Once he was in the room the initial things happened quite quickly. Nurses came in to get vital signs, we headed down the hall to get height and weight and the children's ward doctors came in to ask him questions and start getting information. The nurse brought in some cream to put on his port. It was a different kind then we usually use and I mentioned to the nurse that we don't use that kind generally and how she applied it is not how we do it and she said it was fine. She went to put a tagaderm sticker over it and I reminded her that Levi is allergic to tagaderm and she said "oh right" like it was an inconvenience and I told her that we use IV3000 for everything. She said "oh we don't have those up here, I will find something" and came back with a piece of cotton and taped it over the cream. I was concerned it was just going to soak up the tiny amount of cream she had put on, but I went with it.

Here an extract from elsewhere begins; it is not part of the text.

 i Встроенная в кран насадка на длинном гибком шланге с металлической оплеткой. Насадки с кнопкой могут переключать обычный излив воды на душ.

Then we set around to wait. I asked about dinner for Levi and the nurse said "oh the kitchen closes at 7, you can go buy food" again really?! You kept a young child waiting for 90+ minutes and now aren't feeding him. Thankfully at this point Grampa came back from David's House after having checked in and the ladies over there absolutely adore Levi and our family and they sent over Pizza for everyone and a blue elephant for Levi.

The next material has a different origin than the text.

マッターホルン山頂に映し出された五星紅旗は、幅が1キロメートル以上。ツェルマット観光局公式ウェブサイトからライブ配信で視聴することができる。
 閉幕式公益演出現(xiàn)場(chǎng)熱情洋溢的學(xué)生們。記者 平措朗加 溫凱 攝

Levi eating some pizza with his new blue elephant.
 We found a movie and settled in to wait for the IV team to come up and access Levi's port. Until his port is accessed nothing else can be done so we just kinda chilled. Finally the IV team came up. I explained to them what we do to access the port and what size needle we use and the guy really wanted nothing to do with my information. I then explained that we can't use tagaderm and he seemed annoyed, but he found something else. We took off Levi's shirt and got things started. When they peeled off the gauze pad I saw that the skin was not white at all, and I mentioned this and they said "It's a different cream, it's fine" again I let it go and shouldn't have. The IV guy started doing the proper procedure for access and it was a complete failure. Levi screamed bloody murder! There was no way it was numb at all and then the guy supposedly got it in as Levi is screaming and kicking and couldn't push or pull from it so he had to pull it out. Levi was crying and clung to me. It was awful to see him in so much pain and knowing that we had to do it all again.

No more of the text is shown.